The P-T profile from the median sample is shown with a black solid line will the 100 random samples are shown with thin gray lines. Given the large number of spectral data points, we get a very good constraints on all retrieved parameters, so it would probably warrant the inclusion of additional parameters to give the model more freedom.

[15]:
species.plot_pt_profile(tag='2mj1506',
                        random=100,
                        xlim=(500., 6000.),
                        offset=(-0.07, -0.14),
                        output=None,
                        radtrans=radtrans,
                        extra_axis='grains',
                        rad_conv_bound=False)
Plotting the P-T profiles... [DONE]
../_images/tutorials_atmospheric_retrieval_40_1.png

Next, we use the plot_opacities function for plotting the line and continuum opacities for the atmospheric structure of the median retrieved parameters. We pass again the ReadRadtrans object as argument of radtrans, which was earlier returned by get_retrieval_spectra. The single scattering albedo is calculated as \(\omega = \frac{\kappa_\mathrm{cont,scat}}{\kappa_\mathrm{line} + \kappa_\mathrm{cont,abs} + \kappa_\mathrm{cont,scat}}\). The scattering opacity is dominated by the cloud decks of the two clouds species but the \(\lambda^{-4}\) dependence of the Rayleigh scattering form gas is also seen in the mass opacities, but the impact on the spectrum at infrared wavelengths is typically negligible.

[16]:
species.plot_opacities(tag='2mj1506',
                       offset=(-0.1, -0.14),
                       output=None,
                       radtrans=radtrans)
Plotting opacities: None... [DONE]
../_images/tutorials_atmospheric_retrieval_42_1.png

For the cloud model, we used the parametrization from Mollière et al. (2020), which determines the cloud base through the intersection of the condensation profiles of the cloud species with the P-T profile. The vertical cloud structure is controlled by the \(f_\mathrm{sed}\) parameter and the average particle sizes by the eddy diffusion coefficient, \(K_\mathrm{zz}\). Furthermore, it uses a log-normal size distribution for the cloud particle with the width, \(\sigma_\mathrm{g}\), as free parameter. We can plot the size distributions as function of pressure with the plot_clouds. Here, we need to specify one of the two cloud species that were included with the retrieval and we need to provide again the ReadRadtrans object.

[17]:
species.plot_clouds(tag='2mj1506',
                    offset=(-0.12, -0.15),
                    output=None,
                    radtrans=radtrans,
                    composition='MgSiO3')
Plotting MgSiO3 clouds... [DONE]
../_images/tutorials_atmospheric_retrieval_44_1.png

Creating a Box with the observed spectrum#

After getting an impression of the retrieved atmospheric structure, we will create a plot of the data and model spectra. To do so, we need several functions to extract the relevant data from the database. First, we create an ObjectBox with the data (only a spectrum in this case) of 2MASS J15065441+1321060 by using the get_object method of Database.

[18]:
object_box = database.get_object('2MASS J15065441+1321060')
Getting object: 2MASS J15065441+1321060... [DONE]

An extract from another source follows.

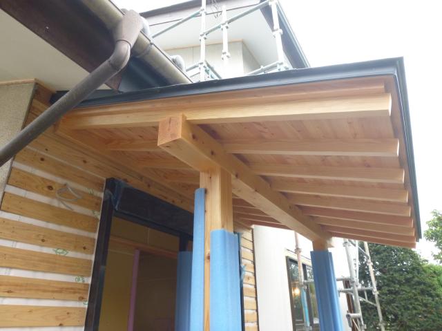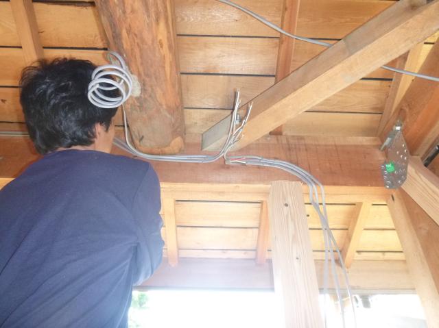 | 電気工事もほぼ新築と同じで、配線は全て新規になります。 | 1階の寝室ですが、既存の梁は化粧材で包み化粧梁を新しく付けます。天井は長野県産の唐松の羽目板を使用します。 | 玄関の庇を設けました。柱と桁と野地板は県産材の檜と唐松を使用しています。 |
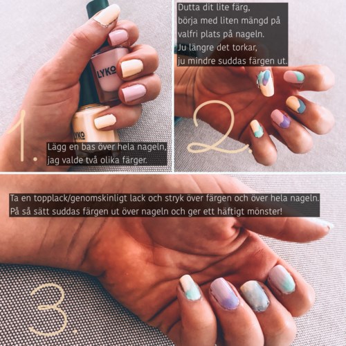 Här kommer den utlovade nagellooken från igår! Den blev som sagt förstörd innan jag hann fota den, så jag gjorde om den helt enkelt! Tycker naglarna blev så fina, våriga och coola! Jag vill innan jag går igenom min tutorial säga att jag är verkligen inte duktig på naglar, utan brukar testa och leka mest! Så jag ber om ursäkt till alla er nagel-gudinnor här inne som är helt fantastiska på naglar! Jag brukar mest gå på känsla, som med allt annat 😅 Här skriver jag steg för steg, på bilden har jag endast delat upp det i tre delar 🥰 1. Lägg ett skyddande baslack. 2. Lägg en basfärg över hela nageln, jag använde mig av två färger för att få lite mer variation. För att täcka hela nageln ordentligt fick jag med dessa färger lägga tre tunna lager lack. Detta gjorde jag innan jag la mig igår så att det verkligen torkade. 3. Se till att basfärgen verkligen har torkat 😂 4. Klutta på valfri färg på valfri plats på nageln. Jag la alla färger ner mot nagelbandet. Vissa färger tog jag större mängd av och vissa endast lite. OBS! Det kan torka fort, och ju torrare det är desto mindre suddas ut! Så för att vara på säkra sidan kan det vara bra att ta en nagel åt gången! 5. Ta ett genomskinligt lack eller topplack och måla över, jag målar från botten upp till toppen i racka streck för att endast få färgen utsuddad. 6. Låt torka. 7. Ev om du vill ha ytterligare ett lager, så gör om steg 4-6! Tada! På bilderna ser det lite ojämnt & buckligt ut men det är helt jämnt på nageln och det ser inte ut så i verkligheten utan det glänser väldigt mycket. Hade varit lättare att lägga ut en kort filmsnutt för att visa mer ordentligt! Hoppas ni fick lite inspiration 😘🥰 #vår2021 #makeupstore3 produkter i looken Pastellbonanzaa 💅🏼1679 visninger - Brukerens rolle: Lyko Creator.Innlegget ble opprettet 4 år

Let’s have a look at the content of the ObjectBox with open_box. This method can be used on any Box object.

[19]:
object_box.open_box()
Opening ObjectBox...
name = 2MASS J15065441+1321060
filters = []
mean_wavel = {}
magnitude = {}
flux = {}
distance = [11.71  0.03]
spectrum = {'IRTF': (array([[9.3171155e-01, 6.2615632e-15, 1.2361384e-15],
       [9.3198341e-01, 5.5975380e-15, 1.1189908e-15],
       [9.3225533e-01, 6.5201217e-15, 9.6139224e-16],
       ...,
       [4.0973549e+00, 1.8983273e-15, 4.6716408e-16],
       [4.0981603e+00, 1.8976329e-15, 4.6592032e-16],
       [4.0989652e+00, 1.6915271e-15, 4.6575150e-16]], dtype=float32), None, None, 2000.0)}

Best-fit spectrum and residuals#

We already drew 30 random spectra from the posterior distribution with get_retrieval_spectra, but in addition we will compute the spectrum with the best-fit parameters. Here, we adopt the median retrieved parameters as the best-fit values. We start extracting the median values with the get_median_sample method of Database.

[20]:
best = database.get_median_sample(tag='2mj1506')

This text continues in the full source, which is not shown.